Frier holds the same job at the employee pension plan of Hewlett-Packard Co. in Palo Alto, California, about 2 miles (3.2 kilometers) from the Stanford campus. He’ll start at the university in August, said the people, who asked not to be identified because the appointment hasn’t been made public.
Frier, 52, a graduate of Stanford Business School, will report to John Powers, chief executive officer of Stanford Management Co., which oversees the $12.6 billion endowment. Endowment board members sought an experienced manager to support Powers after the fund’s investments dropped a record 26 percent in the year ended June 30, 2009, a person with knowledge of the matter said in April.

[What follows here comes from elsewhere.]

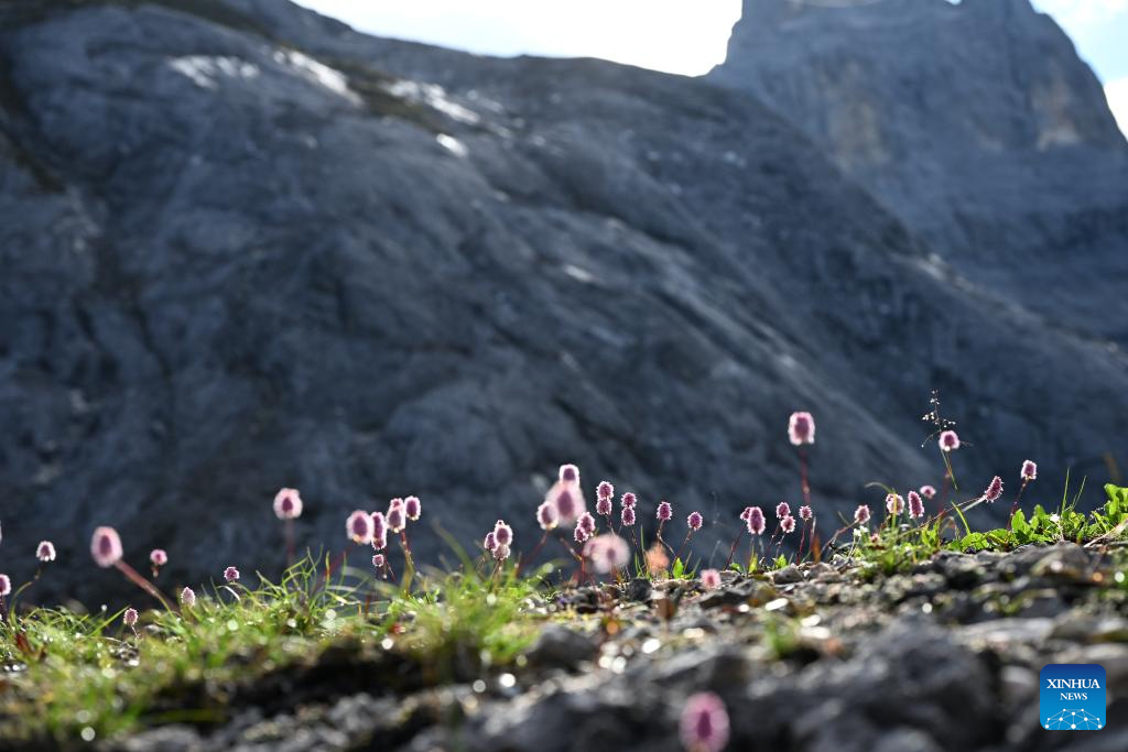 This photo taken on July 23, 2025 shows a Polygonum viviparum L. on Yulong Snow Mountain in Lijiang, southwest China's Yunnan Province. Known as "Plant Kingdom" in China, Yunnan nurtures a wealth of rare alpine plants thanks to its unique geographical position, diverse landforms and complex climatic conditions. (Photo by Zhao Qingzu/Xinhua)

The chief investment officer’s post has been vacant since February 2008, when Eric Upin left for Sequoia Capital, a venture capital firm in Menlo Park, California. Upin later moved to Makena Capital Management LLC, a Menlo Park money manager founded by Michael McCaffery, Powers’s predecessor at Stanford Management.
Frier joined Hewlett-Packard’s treasury department in 2000 and has run the $30 billion pension fund of the world’s largest personal-computer maker since 2007. He declined to comment, as did David Demarest, a Stanford spokesman. Hani Durzy, a spokesman for Hewlett-Packard, didn’t return a telephone call and e-mail seeking comment.
University endowments suffered record losses following the September 2008 bankruptcy of Lehman Brothers Holdings Inc., triggering layoffs, spending reductions and delays in capital projects. Investments at Harvard University, in Cambridge, Massachusetts, fell 27 percent in the year ended June 2009, while holdings at Yale University of New Haven, Connecticut, declined 25 percent.
Harvard’s $26 billion endowment is the largest among U.S. colleges, while Yale’s $16 billion fund ranks second.
Stanford, in the wake of the financial crisis, dismissed 412, or 3.2 percent, of its non-faculty workers and postponed $1.1 billion in construction. As financial markets recovered in 2009, Powers explored selling as much as $1 billion of its private-equity, distressed-debt and energy funds to take advantage of rising prices. He canceled the sale in December.
The search for a chief investment officer was handled by David Barrett Partners LLC, a recruiting company in New York.